-- MATERIAL PROVIDED follows --
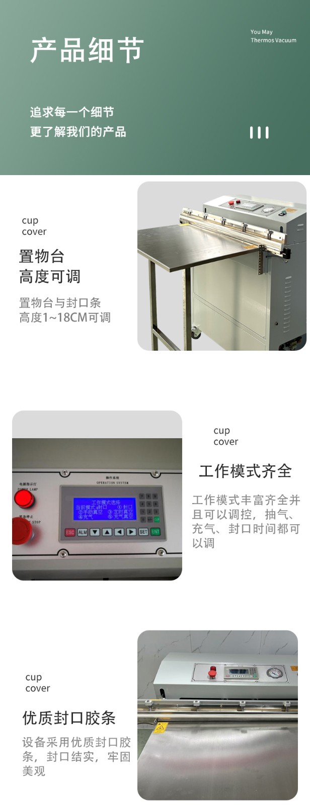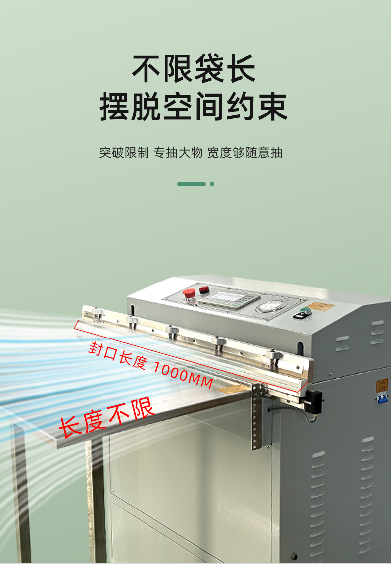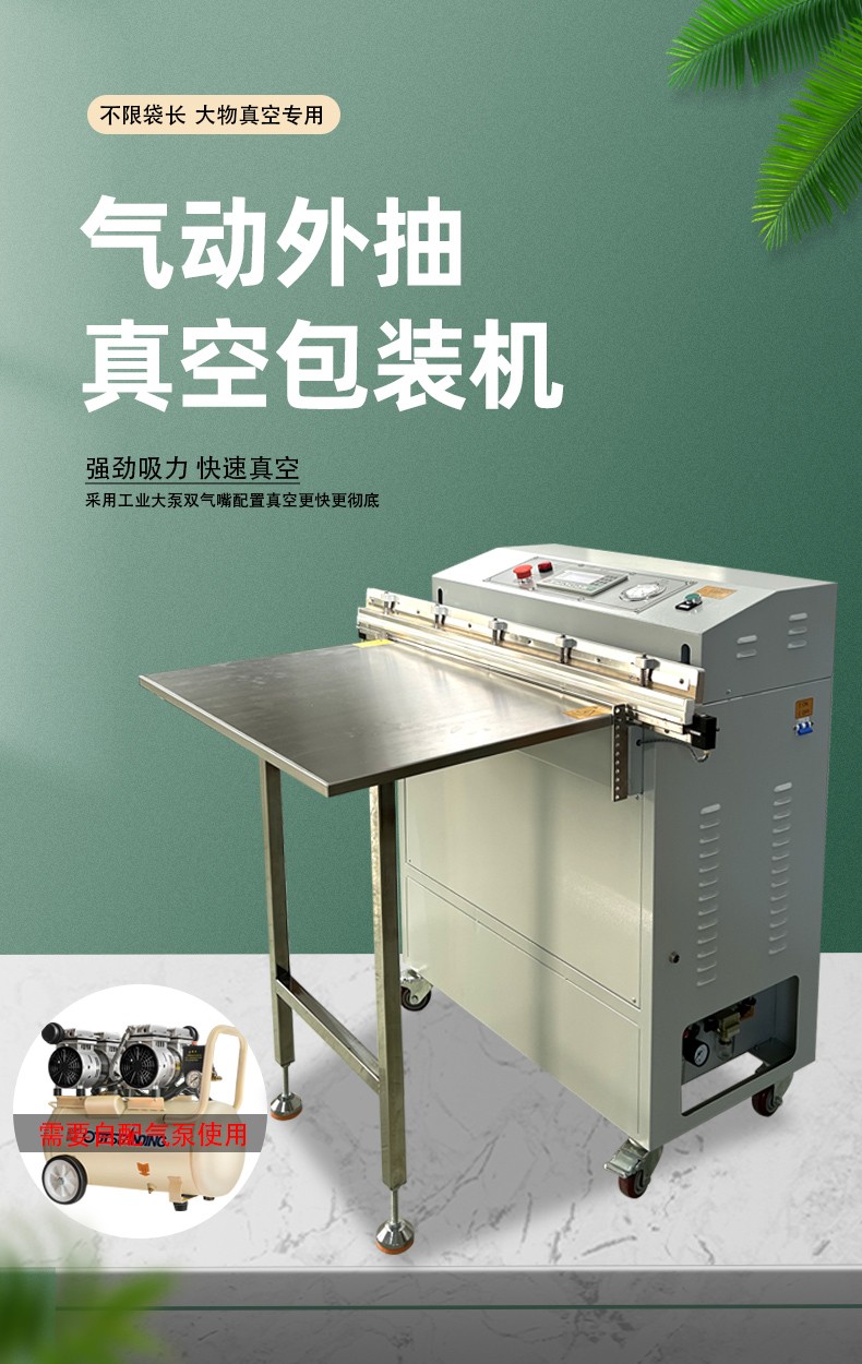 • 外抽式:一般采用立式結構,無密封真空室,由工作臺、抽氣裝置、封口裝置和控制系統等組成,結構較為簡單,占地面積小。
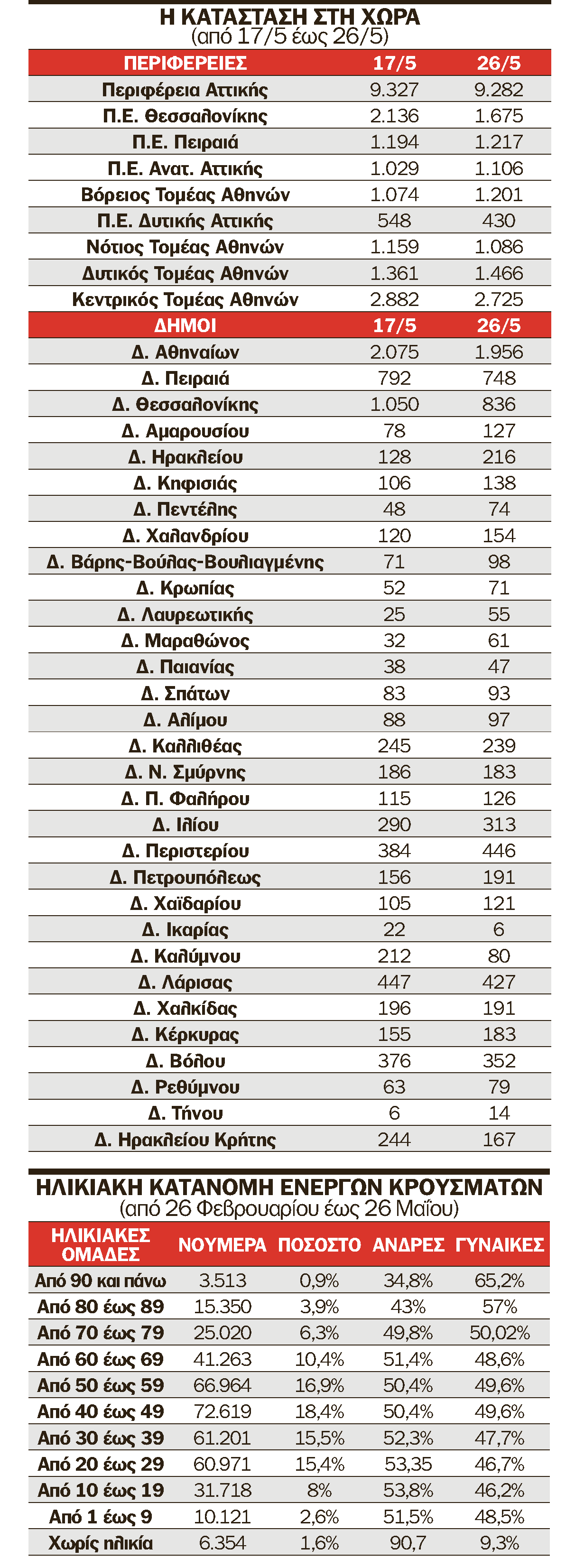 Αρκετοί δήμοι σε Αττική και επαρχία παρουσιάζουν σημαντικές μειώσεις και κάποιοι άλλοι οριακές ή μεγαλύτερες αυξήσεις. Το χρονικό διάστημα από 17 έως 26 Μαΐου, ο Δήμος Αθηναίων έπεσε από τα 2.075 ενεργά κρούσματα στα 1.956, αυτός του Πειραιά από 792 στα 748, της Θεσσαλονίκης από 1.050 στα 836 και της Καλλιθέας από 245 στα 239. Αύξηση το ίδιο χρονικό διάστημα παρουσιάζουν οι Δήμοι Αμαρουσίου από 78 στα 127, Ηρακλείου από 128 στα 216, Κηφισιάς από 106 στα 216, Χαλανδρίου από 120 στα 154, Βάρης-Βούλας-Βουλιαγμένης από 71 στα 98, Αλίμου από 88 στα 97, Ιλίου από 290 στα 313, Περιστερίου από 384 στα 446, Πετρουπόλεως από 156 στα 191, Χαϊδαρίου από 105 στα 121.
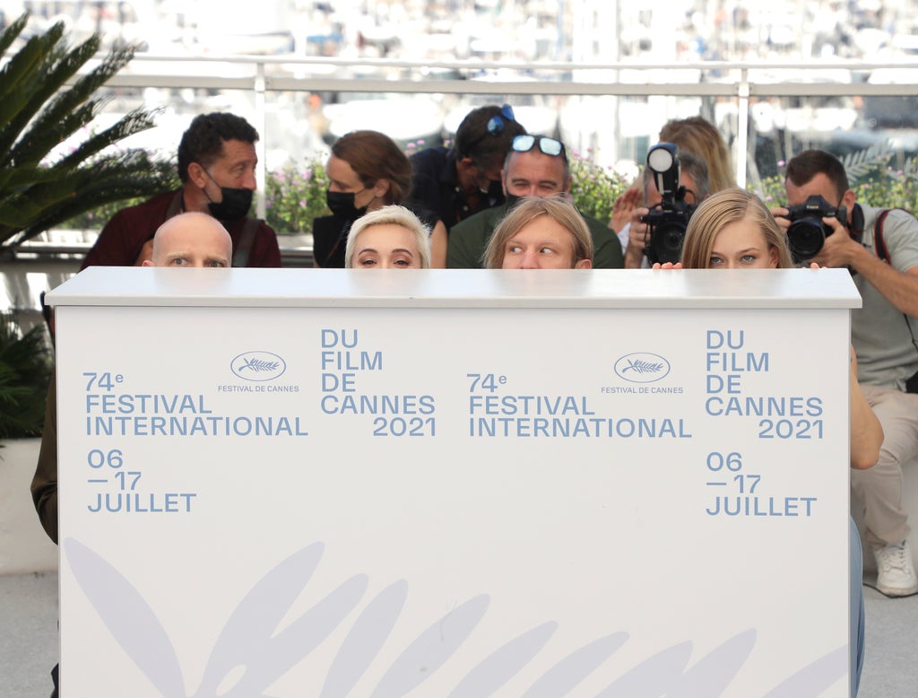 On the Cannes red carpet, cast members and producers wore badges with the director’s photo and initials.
-- MATERIAL PROVIDED concluded --
-- MATERIAL PROVIDED follows --
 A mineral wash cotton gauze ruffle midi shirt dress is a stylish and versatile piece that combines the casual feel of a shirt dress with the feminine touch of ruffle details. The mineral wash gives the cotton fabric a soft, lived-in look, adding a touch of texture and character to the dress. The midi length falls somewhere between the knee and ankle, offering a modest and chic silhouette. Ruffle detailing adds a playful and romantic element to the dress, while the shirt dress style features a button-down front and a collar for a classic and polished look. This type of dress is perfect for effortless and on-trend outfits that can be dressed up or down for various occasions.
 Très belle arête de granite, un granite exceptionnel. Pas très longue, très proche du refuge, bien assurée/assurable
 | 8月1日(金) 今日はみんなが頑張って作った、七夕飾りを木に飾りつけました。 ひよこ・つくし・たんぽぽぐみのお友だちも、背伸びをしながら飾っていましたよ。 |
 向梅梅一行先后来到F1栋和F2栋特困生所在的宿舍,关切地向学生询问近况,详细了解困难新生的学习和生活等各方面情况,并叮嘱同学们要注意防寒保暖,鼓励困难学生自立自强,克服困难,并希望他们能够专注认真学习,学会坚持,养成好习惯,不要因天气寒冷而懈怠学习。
-- MATERIAL PROVIDED concluded --
-- MATERIAL PROVIDED follows --
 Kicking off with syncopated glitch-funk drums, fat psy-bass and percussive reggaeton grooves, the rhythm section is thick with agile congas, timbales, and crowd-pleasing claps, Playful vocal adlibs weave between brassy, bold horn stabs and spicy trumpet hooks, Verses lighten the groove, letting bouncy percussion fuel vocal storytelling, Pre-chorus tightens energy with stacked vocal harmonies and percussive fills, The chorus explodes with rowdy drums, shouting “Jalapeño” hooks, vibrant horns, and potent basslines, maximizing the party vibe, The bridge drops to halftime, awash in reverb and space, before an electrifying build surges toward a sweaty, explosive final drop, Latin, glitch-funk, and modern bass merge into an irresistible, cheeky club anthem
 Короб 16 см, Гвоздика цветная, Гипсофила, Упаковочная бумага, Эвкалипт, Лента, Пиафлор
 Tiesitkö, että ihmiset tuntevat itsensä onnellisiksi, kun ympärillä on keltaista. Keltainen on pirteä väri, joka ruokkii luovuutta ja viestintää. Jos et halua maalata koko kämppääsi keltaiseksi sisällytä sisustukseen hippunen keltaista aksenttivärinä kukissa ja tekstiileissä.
-- MATERIAL PROVIDED concluded --
_WHAT NEEDS TO BE DONE_.
Using the listing above, return word for word each line from the one that has "A mineral wash" through the one that has "向梅梅一行先后来到F1栋和F", and no line outside that range.

_EXPECTED ANSWER_.
 A mineral wash cotton gauze ruffle midi shirt dress is a stylish and versatile piece that combines the casual feel of a shirt dress with the feminine touch of ruffle details. The mineral wash gives the cotton fabric a soft, lived-in look, adding a touch of texture and character to the dress. The midi length falls somewhere between the knee and ankle, offering a modest and chic silhouette. Ruffle detailing adds a playful and romantic element to the dress, while the shirt dress style features a button-down front and a collar for a classic and polished look. This type of dress is perfect for effortless and on-trend outfits that can be dressed up or down for various occasions.
 Très belle arête de granite, un granite exceptionnel. Pas très longue, très proche du refuge, bien assurée/assurable
 | 8月1日(金) 今日はみんなが頑張って作った、七夕飾りを木に飾りつけました。 ひよこ・つくし・たんぽぽぐみのお友だちも、背伸びをしながら飾っていましたよ。 |
 向梅梅一行先后来到F1栋和F2栋特困生所在的宿舍,关切地向学生询问近况,详细了解困难新生的学习和生活等各方面情况,并叮嘱同学们要注意防寒保暖,鼓励困难学生自立自强,克服困难,并希望他们能够专注认真学习,学会坚持,养成好习惯,不要因天气寒冷而懈怠学习。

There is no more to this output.